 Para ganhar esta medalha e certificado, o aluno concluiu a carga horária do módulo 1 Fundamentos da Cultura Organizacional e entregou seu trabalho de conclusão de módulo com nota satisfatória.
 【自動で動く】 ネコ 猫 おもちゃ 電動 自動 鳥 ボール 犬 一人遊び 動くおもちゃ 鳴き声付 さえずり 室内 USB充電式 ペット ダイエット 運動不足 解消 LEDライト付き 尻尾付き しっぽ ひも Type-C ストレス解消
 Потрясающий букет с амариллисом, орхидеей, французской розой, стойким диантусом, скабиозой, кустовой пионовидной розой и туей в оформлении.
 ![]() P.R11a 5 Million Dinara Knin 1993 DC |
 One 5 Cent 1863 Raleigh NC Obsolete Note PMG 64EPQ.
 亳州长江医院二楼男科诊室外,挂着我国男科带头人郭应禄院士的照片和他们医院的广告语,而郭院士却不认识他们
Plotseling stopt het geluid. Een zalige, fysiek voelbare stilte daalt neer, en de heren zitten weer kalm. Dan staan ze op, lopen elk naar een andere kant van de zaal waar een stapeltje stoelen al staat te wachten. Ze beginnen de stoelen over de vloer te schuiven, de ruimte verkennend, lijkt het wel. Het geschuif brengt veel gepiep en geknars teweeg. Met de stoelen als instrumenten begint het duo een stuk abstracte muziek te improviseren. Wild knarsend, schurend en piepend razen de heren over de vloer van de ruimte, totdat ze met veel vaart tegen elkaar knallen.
---
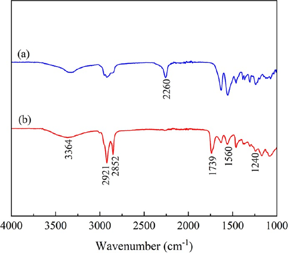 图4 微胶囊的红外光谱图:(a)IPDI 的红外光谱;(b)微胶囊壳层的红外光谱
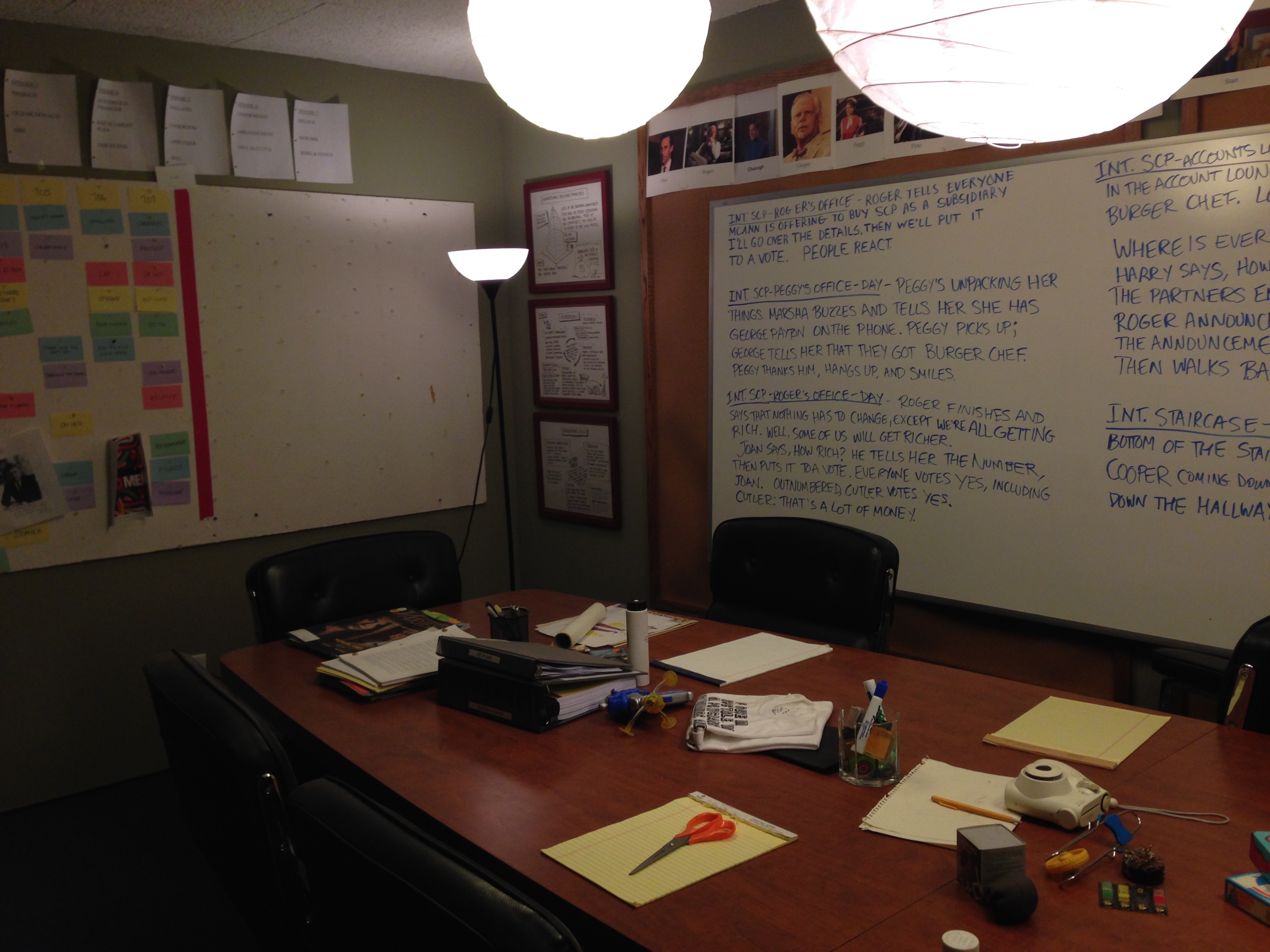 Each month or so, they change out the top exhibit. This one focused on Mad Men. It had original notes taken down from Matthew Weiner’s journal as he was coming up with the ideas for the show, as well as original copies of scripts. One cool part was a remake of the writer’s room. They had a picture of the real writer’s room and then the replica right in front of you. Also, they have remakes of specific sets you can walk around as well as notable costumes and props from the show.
--
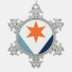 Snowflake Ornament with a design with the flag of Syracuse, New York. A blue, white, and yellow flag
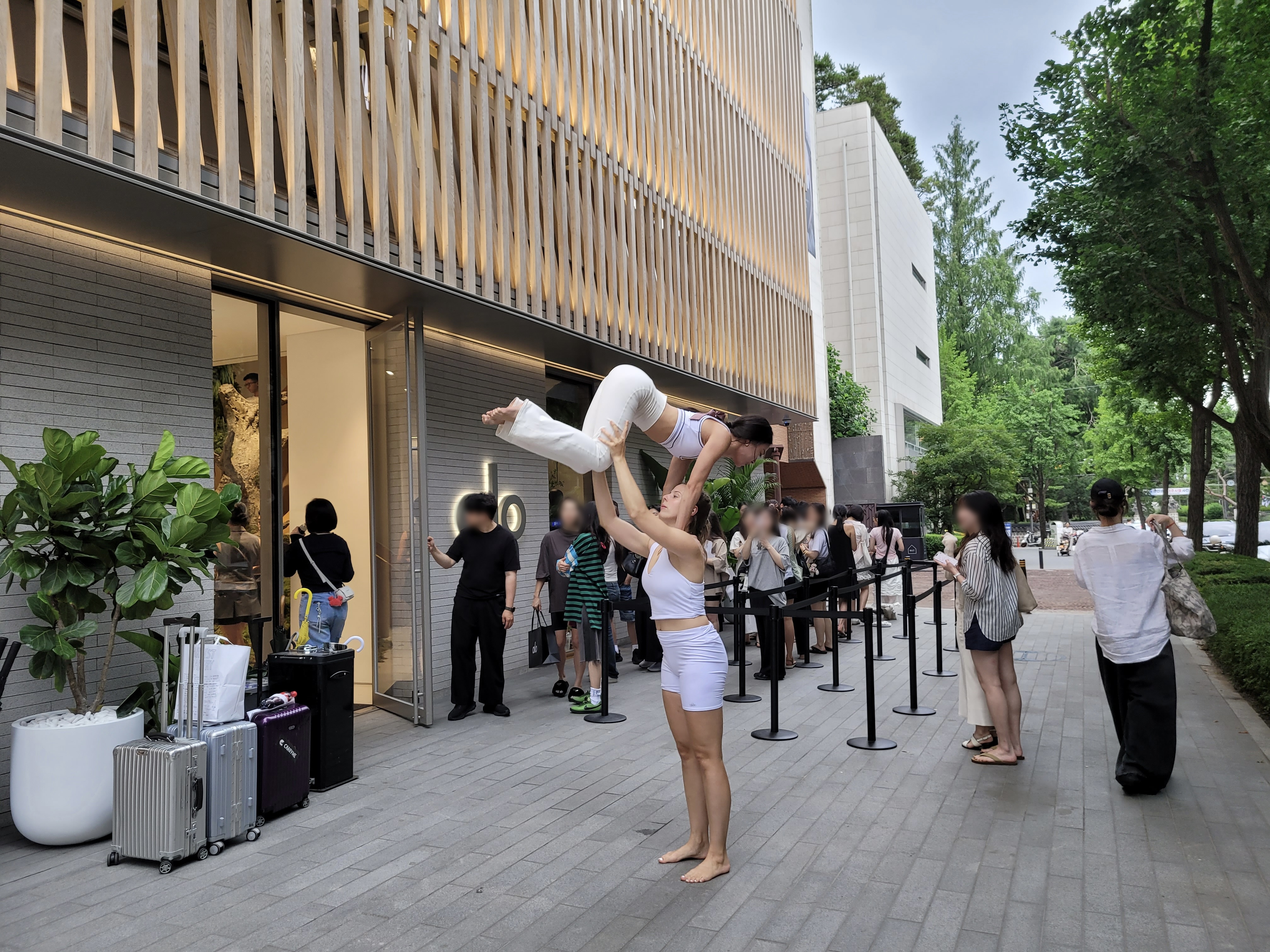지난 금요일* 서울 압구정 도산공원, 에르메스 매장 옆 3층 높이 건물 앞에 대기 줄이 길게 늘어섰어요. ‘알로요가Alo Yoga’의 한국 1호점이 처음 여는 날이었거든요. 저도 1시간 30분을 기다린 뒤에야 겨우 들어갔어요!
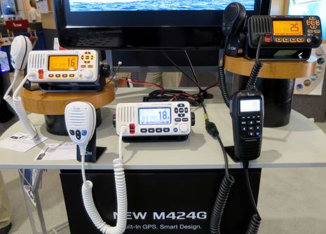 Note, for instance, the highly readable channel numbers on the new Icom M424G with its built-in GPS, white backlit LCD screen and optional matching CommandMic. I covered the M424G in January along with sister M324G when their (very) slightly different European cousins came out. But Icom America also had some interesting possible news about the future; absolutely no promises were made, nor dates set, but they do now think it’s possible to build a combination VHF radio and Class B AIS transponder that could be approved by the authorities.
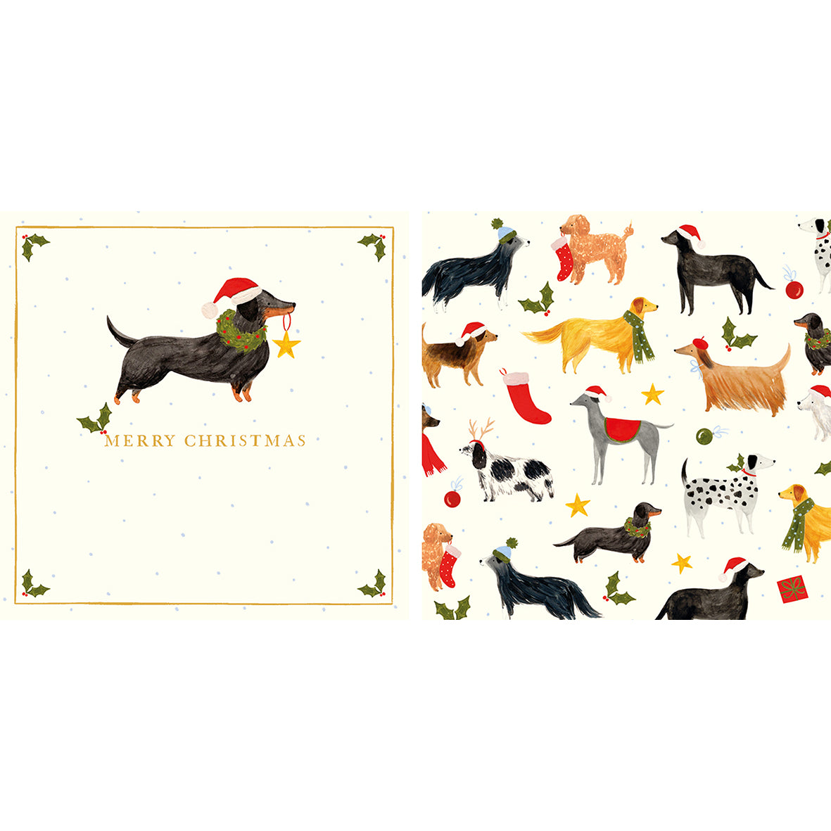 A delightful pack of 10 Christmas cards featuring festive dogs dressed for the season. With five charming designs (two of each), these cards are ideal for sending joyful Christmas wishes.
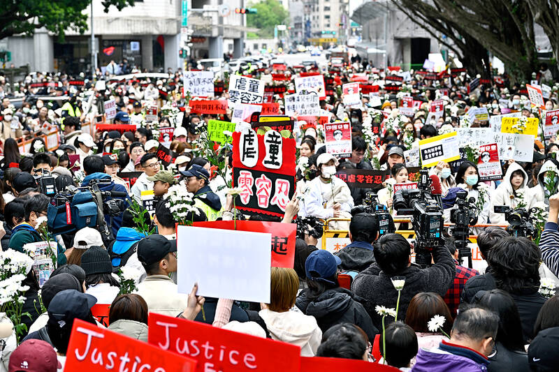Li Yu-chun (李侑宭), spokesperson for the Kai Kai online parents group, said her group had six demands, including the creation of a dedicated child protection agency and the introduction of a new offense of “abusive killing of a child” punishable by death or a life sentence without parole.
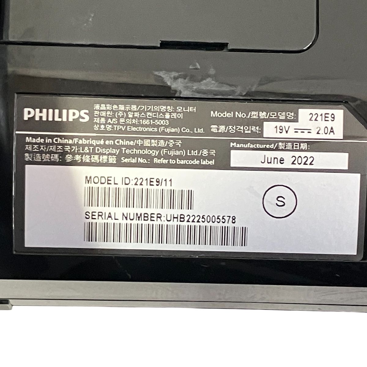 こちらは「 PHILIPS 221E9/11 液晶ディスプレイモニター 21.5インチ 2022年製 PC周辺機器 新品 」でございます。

**About this exercise**.
Please give again the lines above between the line holding "Para ganhar esta" and the line holding "Plotseling stopt het", inclusive, exactly as they are and with nothing added.

**Task answer**.
 Para ganhar esta medalha e certificado, o aluno concluiu a carga horária do módulo 1 Fundamentos da Cultura Organizacional e entregou seu trabalho de conclusão de módulo com nota satisfatória.
 【自動で動く】 ネコ 猫 おもちゃ 電動 自動 鳥 ボール 犬 一人遊び 動くおもちゃ 鳴き声付 さえずり 室内 USB充電式 ペット ダイエット 運動不足 解消 LEDライト付き 尻尾付き しっぽ ひも Type-C ストレス解消
 Потрясающий букет с амариллисом, орхидеей, французской розой, стойким диантусом, скабиозой, кустовой пионовидной розой и туей в оформлении.
 ![]() P.R11a 5 Million Dinara Knin 1993 DC |
 One 5 Cent 1863 Raleigh NC Obsolete Note PMG 64EPQ.
 亳州长江医院二楼男科诊室外,挂着我国男科带头人郭应禄院士的照片和他们医院的广告语,而郭院士却不认识他们
Plotseling stopt het geluid. Een zalige, fysiek voelbare stilte daalt neer, en de heren zitten weer kalm. Dan staan ze op, lopen elk naar een andere kant van de zaal waar een stapeltje stoelen al staat te wachten. Ze beginnen de stoelen over de vloer te schuiven, de ruimte verkennend, lijkt het wel. Het geschuif brengt veel gepiep en geknars teweeg. Met de stoelen als instrumenten begint het duo een stuk abstracte muziek te improviseren. Wild knarsend, schurend en piepend razen de heren over de vloer van de ruimte, totdat ze met veel vaart tegen elkaar knallen.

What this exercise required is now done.